In 1930 Hollmann moved to the Heinrich-Hertz Institute for Oscillatory Research in Berlin. There he continued studies in microwaves and cathode ray tubes and also worked on the ionosphere research and radio astronomy. In 1933 Hollmann became a lecturer at the Technische Hochschule in Charlottenburg (now Technische Universität Berlin).

In January 1934, Hans-Karl von Willisen and Paul-Günther Erbslöh started a company called Gesellschaft für elektroakustische und mechanische Apparate (GEMA). With Hollmann as a consultant, GEMA built a system using interference detection in the autumn of 1934. It operated at 50 cm wavelength and could detect ships up to 10 km distance. By 1935, they used pulse-modulation, allowing measurement of range (distance to the target), and developed the technology into two applications. For naval use, the Seetakt system used a wavelength of 80 cm. A land based version at 120 cm wavelength was also developed as Freya.

Telefunken set up a radar business in 1933 based on Hollmann's work and developed a much shorter-range gun-laying system called Würzburg. During World War II, Freya and Würzburg worked in pairs. Freya would spot the incoming aircraft while the Würzburg calculated the distance and height.

He invented and patented a prototype of the cavity magnetron in 1935, but the German military considered the frequency drift of Hollman's device to be undesirable, and based their radar systems on the klystron instead.

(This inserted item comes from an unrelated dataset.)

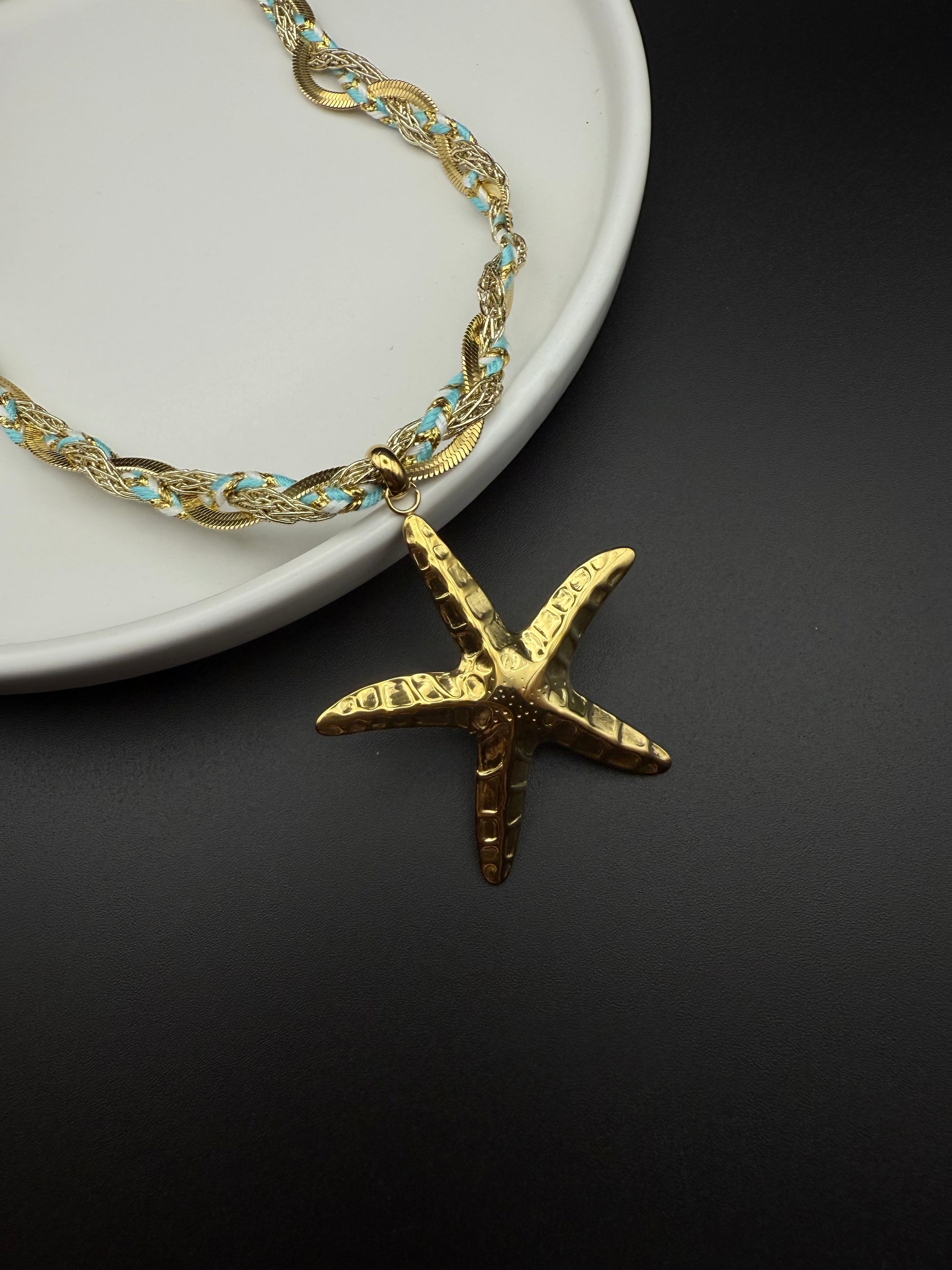 Ανακαλύψτε τη μαγεία της θάλασσας με το κολιέ Stella Maris, εμπνευσμένο από τη γοητεία των ωκεανών και τη λάμψη του καλοκαιρινού ήλιου. Με εντυπωσιακό μενταγιόν σε σχήμα χρυσού αστερία και πλεκτή αλυσίδα σε αποχρώσεις του γαλάζιου και του χρυσού, είναι κατασκευασμένο από ανοξείδωτο ατσάλι για να διατηρεί τη λάμψη του στον χρόνο. Ένα κόσμημα που συνδυάζει κομψότητα και καλοκαιρινή αύρα – ιδανικό για κάθε στιγμή.
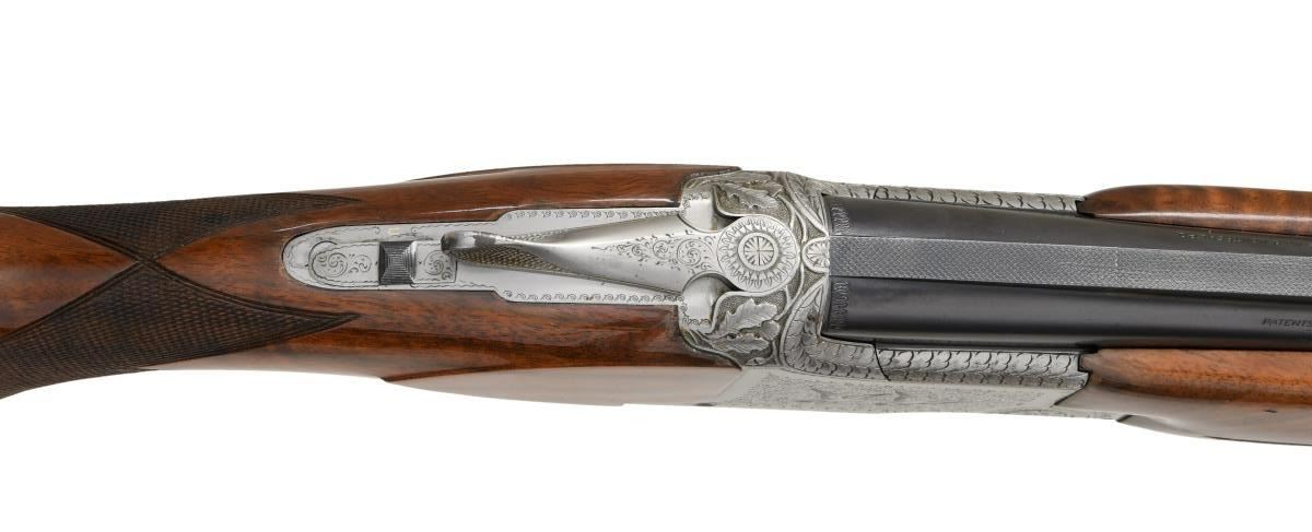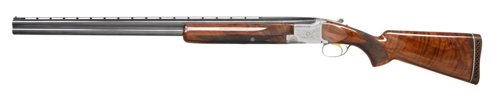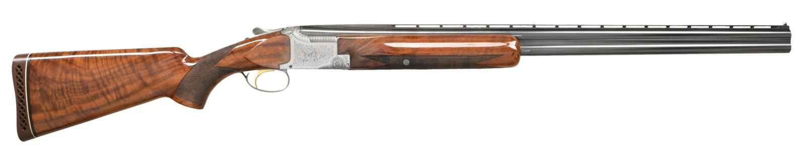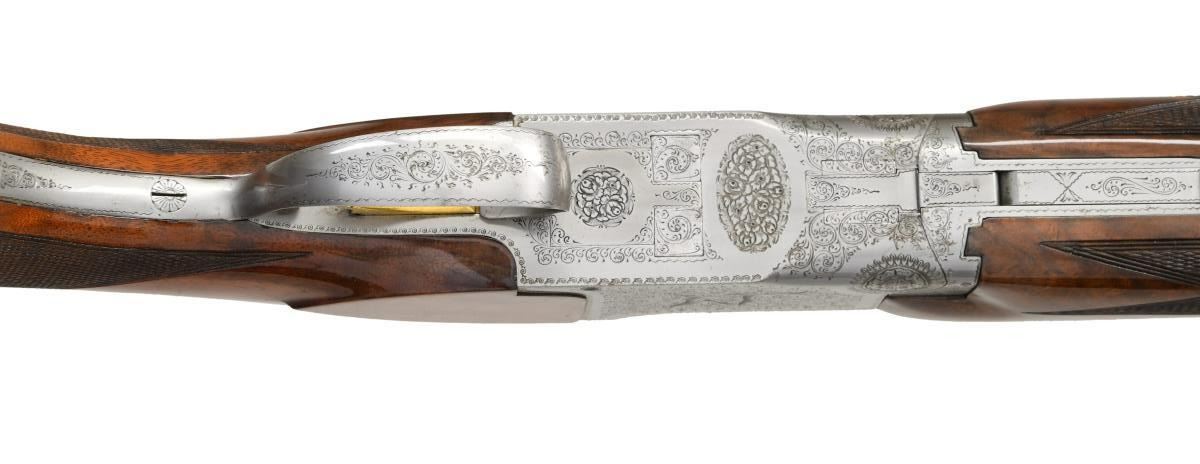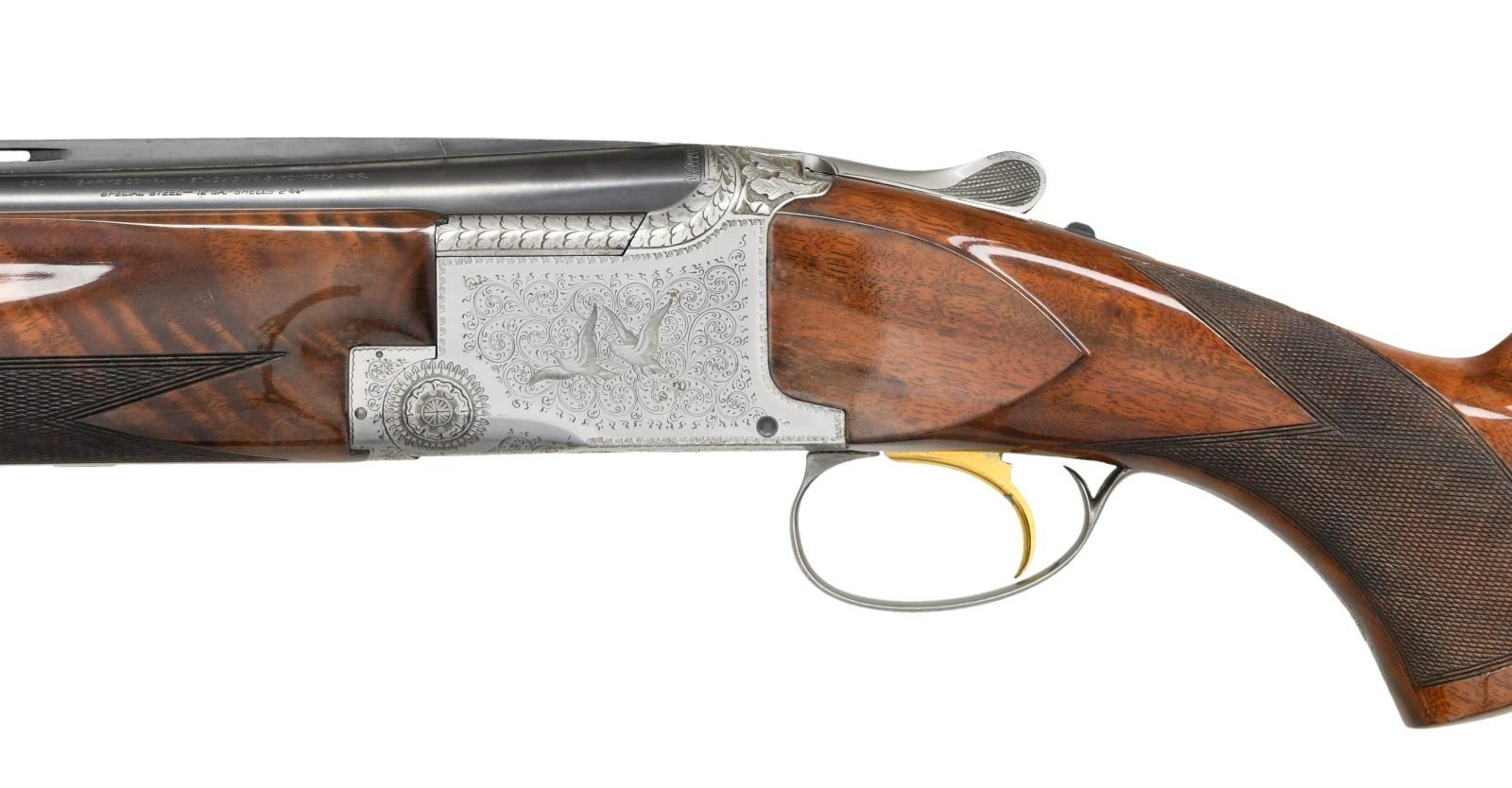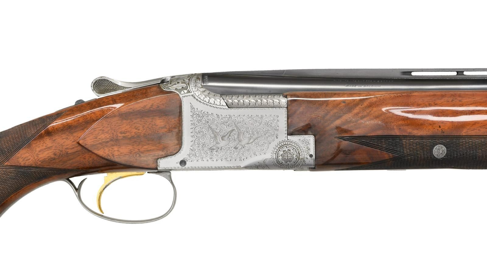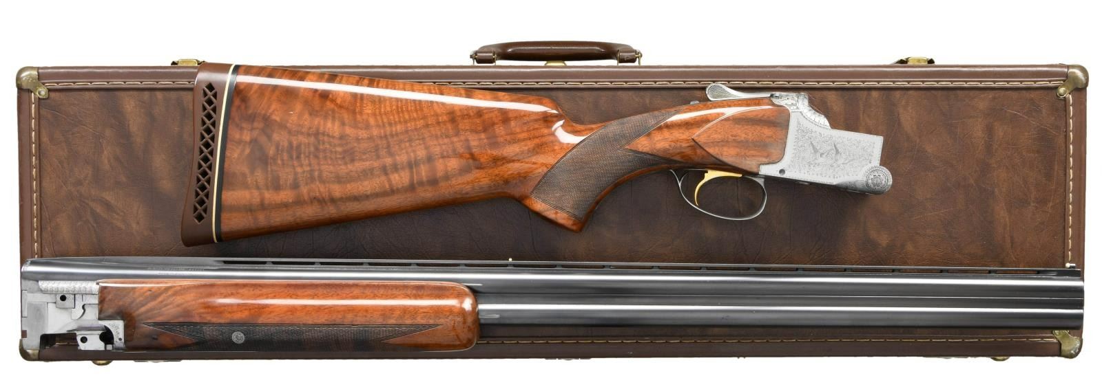 SUPERPOSED GAME GUN WITH 20 GA. TUBE SET AND CASE. Cal. 12 Ga. 2-3/4". S# 93756 (1961). The 30" barrels fitted with slightly raised matted ventilated rib are marked for mod and full chokes. St. Louis and Montreal addresses along with chamber information, patents and "MADE IN BELGIUM" are on top barrel. Coin finished action with gold plated single selective trigger is engraved in usual pigeon style with pairs of pigeons flying through scroll on both sides. Rose bouquets are on bottom. Top fence is nicely relief carved with oak leaves and acorns. Long tang, square knob buttstock of crotch figured American walnut measures 14-1/2" over Browning trap type pad. Standard checkering is at grip. Target type captive forend matches well. Barrels are fitted with 20 ga. full length tubes (not removed so bores etc. are not inspected). MEASUREMENTS: STOCK: DAH: 1-3/4". DAC: 1-3/8". CAST: neutral. LOP: 14-1/2". WEIGHT with tubes: 9 lb. 0 oz. UNATTACHED ACCESSORIES: gun comes in a brown vinyl Browning case, lined in dark brown faux fur and contains a key. CONDITION: fine as refinished, retaining nearly all factory type finishes on wood and metal with only minor handling and assembly marks. Checkering lightly worn and does not appear to be re-cut. 12 ga. bores are not inspected or measured. Tube bores are bright and shiny. Mechanically good. Case is good. (23-2136/MGM). C&R. $2,500-3,500.

In the same year, Hollmann wrote two books on microwaves, Physics and Technique of Ultra-short Waves and Seeing with Electromagnetic Waves, which were the inspiration for the development of centimetre radar in other countries despite some censorship of their contents.

During the war he supervised many research institutes in occupied countries and saved many scientists from being deported to Germany. He established the Laboratory for High-Frequency Engineering and Ultrasound in Lichterfelde, Berlin. Part of their work involved making transmitters for the Navy. Here he brought in Max Bense. At this time there was speculation about a future possibility of teleporting human beings from Germany to California. His home and his laboratory were destroyed during the war. After the war he was not allowed to work on microwaves but he turned his attention to a wide range of other fields in electronics.

In 1947 he accepted an offer from the US Government to work for NASA in California. In 1949 he sent Bense a copy of Norbert Wiener's Cybernetics: Or Control and Communication in the Animal and the Machine (1948), stimulating the latter's interest in cybernetics.

He was married to Gisela Schimmelbusch and had three children. He died in Los Angeles in 1960.